Consider the following:

declare @dt datetime, @dt2 datetime2, @d date
set @dt  = '2013-01-01'
set @dt2 = '2013-01-01'
set @d   = '2013-01-01'

select convert(varbinary, @dt) as dt,
       convert(varbinary, @dt2) as dt2,
       convert(varbinary, @d) as d

Output:

dt                    dt2                     d
------------------    --------------------    --------
0x0000A13900000000    0x07000000000094360B    0x94360B

Now, I already understand from the documentation that datetime has a smaller range, and starts from 1753-01-01, while datetime2 and date use 0001-01-01 as their start date.

What I don't understand though, is that datetime appears to be little-endian while datetime2 and date are big-endian. If that's the case, how can they even be properly sortable?
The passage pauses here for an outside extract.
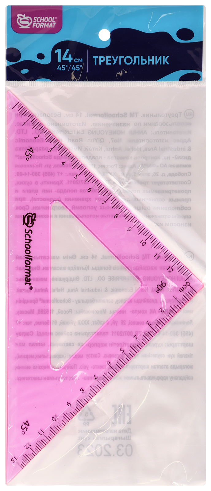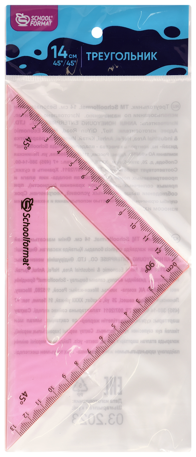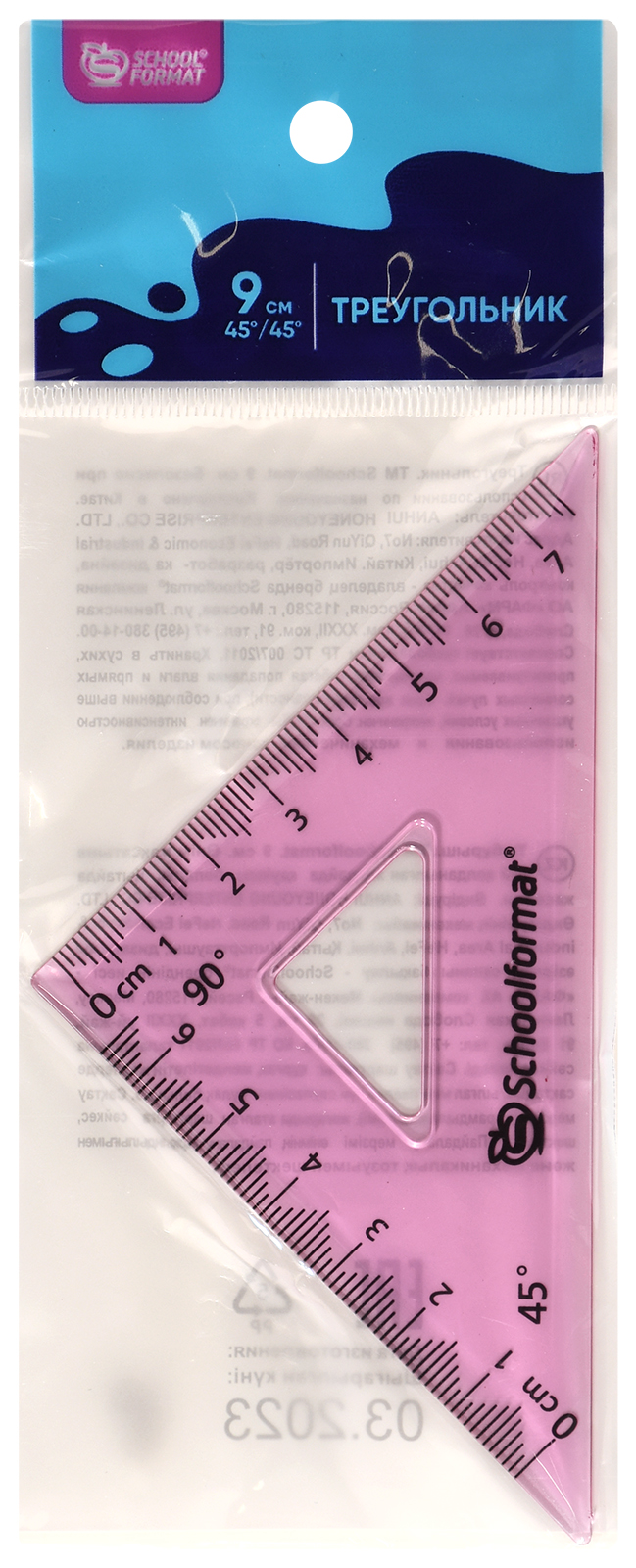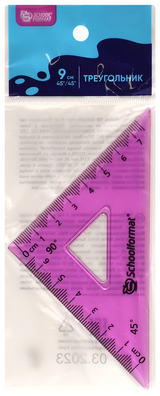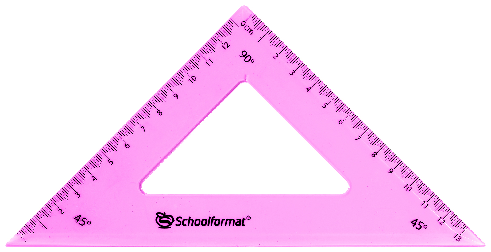 Цвет: ассорти Наличие европодвеса: Да Вид чертежных принадлежностей: Треугольник Градусы: 45 Материал: пластик Прозрачность материала: тонированный Мин. партия и варианты упаковок: 1 / 48 / 864 -
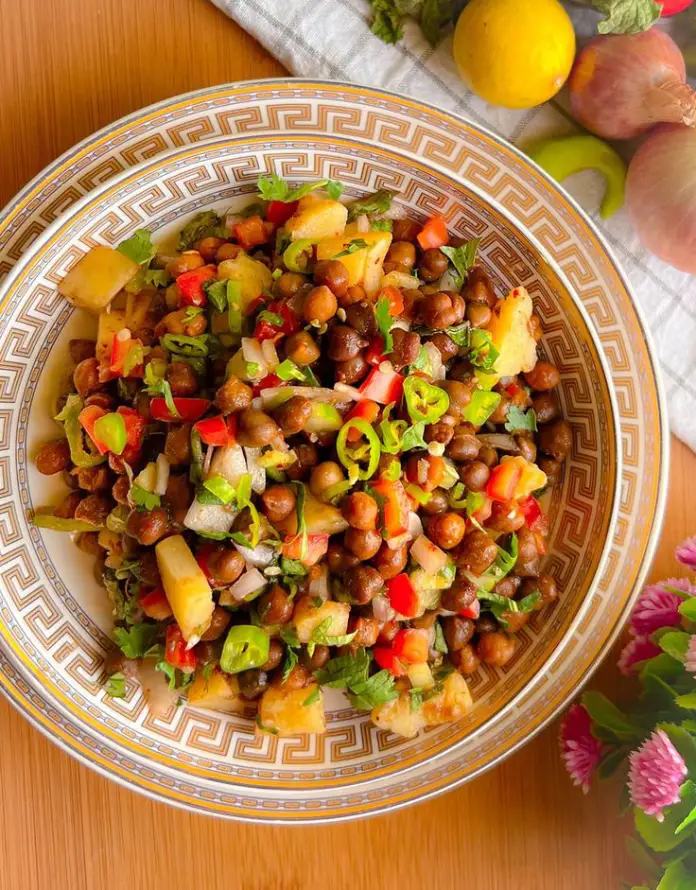 A refreshing mix of tangy, spiced chickpeas topped with fresh vegetables and zesty chutneys.

Consider if I want to know how many integer days are represented by a date type. You would think you could do this:

declare @d date
set @d = '0001-01-31'
select cast(convert(varbinary, @d) as int)

But due to the endianness, you get 1966080 days!
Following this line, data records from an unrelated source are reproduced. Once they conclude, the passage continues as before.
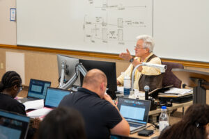 Pictured is Carl Moy, director of Mitchell Hamline’s IP Institute and professor of law, teaching a blended class.
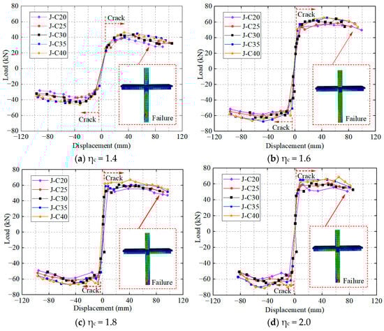 The skeleton curves and energy dissipation curves of beam–column joints with different concrete strengths (J-C20, J-C25, J-C30, and J-C35) are shown in Figure 11 and Figure 12. The variation trends of the skeleton curves of the beam–column joints with different concrete strengths are consistent, and the stress cloud diagrams are similar. As the concrete strength increases, the beam–column joints with higher concrete strength demonstrate better bearing capacity and deformation ability due to their high compressive strength and crack-control capability. When the concrete strength of the beam–column joint increased from C20 to C40, the load-bearing capacity of the structure increased by 1.31–26.88%. The change in concrete strength has a significant impact on this joint area. For example, with a column end bending moment amplification factor of 1.6, the load-bearing capacities of the J-C25, J-C30, J-C35, and J-C40 specimens increased by 5.31%, 8.61%, 12.86%, and 20.56%, respectively, compared to that of the J-C20 specimen. When the column end bending moment amplification factor was 2.0, compared to that of the J-C20 specimen, the load-bearing capacities of the J-C25, J-C30, J-C35, and J-C40 specimens increased by 11.94%, 18.24%, 24.75%, and 26.88%, respectively. This is attributable to the increase in the column end bending moment amplification factor leading to a larger bending moment in the joint area, making it more sensitive to changes in material strength. Higher strength can significantly improve the load-bearing capacity of the specimen.
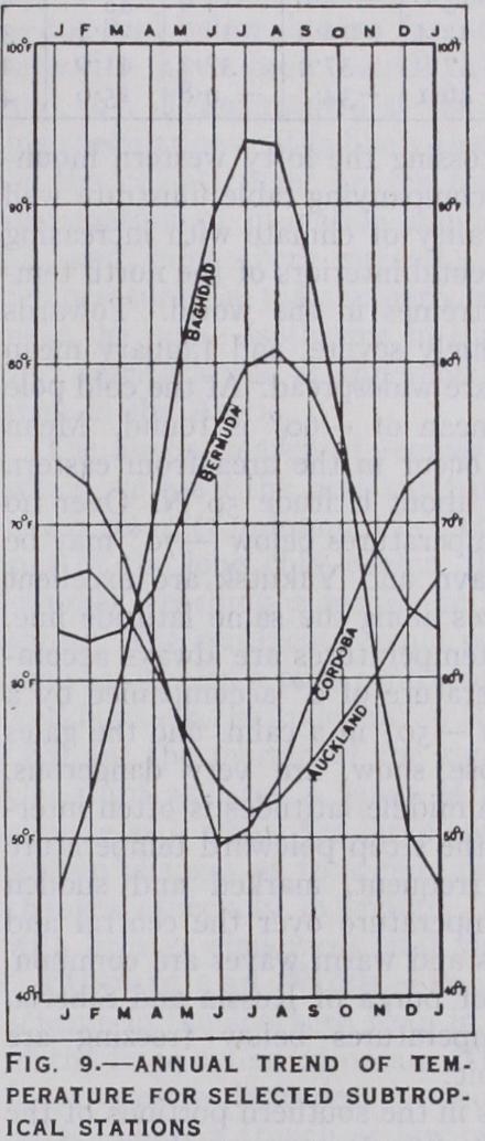 From the position of the sub-tropical belts to leeward of the oceans, and at the equatorial margins of the temperate zones, it follows that their temperatures are not extreme. Further, the protection afforded by mountain ranges, as by the Alps in Europe and the Sierra Nevada in the United States, is an important factor in keeping out extremes of winter cold. The annual march and ranges of temperature depend upon position with reference to continental or marine influences (fig. 9). The Mediterranean basin is particularly favoured in winter, not only in the protection against cold afforded by the mountains, but also in the high perature of the sea itself. The southern Alpine valleys and the Riviera are well situated, having good protection and a southern exposure. The coldest month ally has a mean temperature well above 3 2 ° . Mean minimum peratures of about, and what below, freezing occur in the northern portion of the trict, and in the more nental localities such as northern Spain and the Balkans minima a good deal lower have been served. Somewhat similar ditions obtain in the sub-tropical district of North America. Under the control of passing cyclonic storm areas, hot or cold winds, which often owe some of their special characteristics to the topography, bring into the tropical belts, from higher or lower latitudes, unseasonably high or low temperatures. These winds have been given special names (mistral, sirocco, bora, etc.) . Cloudiness is moderate in winter but very small in summer. The winter rains do not bring ously overcast skies, and a mer month with a mean cloudiness of one tenth is not exceptional in the drier parts of the sub-tropics.

To get the correct result of 30 days, you have to reverse it:

select cast(convert(varbinary,reverse(convert(varbinary, @d))) as int)

Or, of course you can do this:

select datediff(d,'0001-01-01', @d)

But that means internally somewhere it is reversing the bytes anyway.

So why did they switch endianness?

I only care because I'm working on a custom UDT in SQLCLR and the binary order of the bytes does seem to matter there, but these built-in types seem much more flexible. Does SQL Server have something internal where each type gets to provide it's own sorting algorithm? And if so, is there a way I can tap into that for my custom UDT?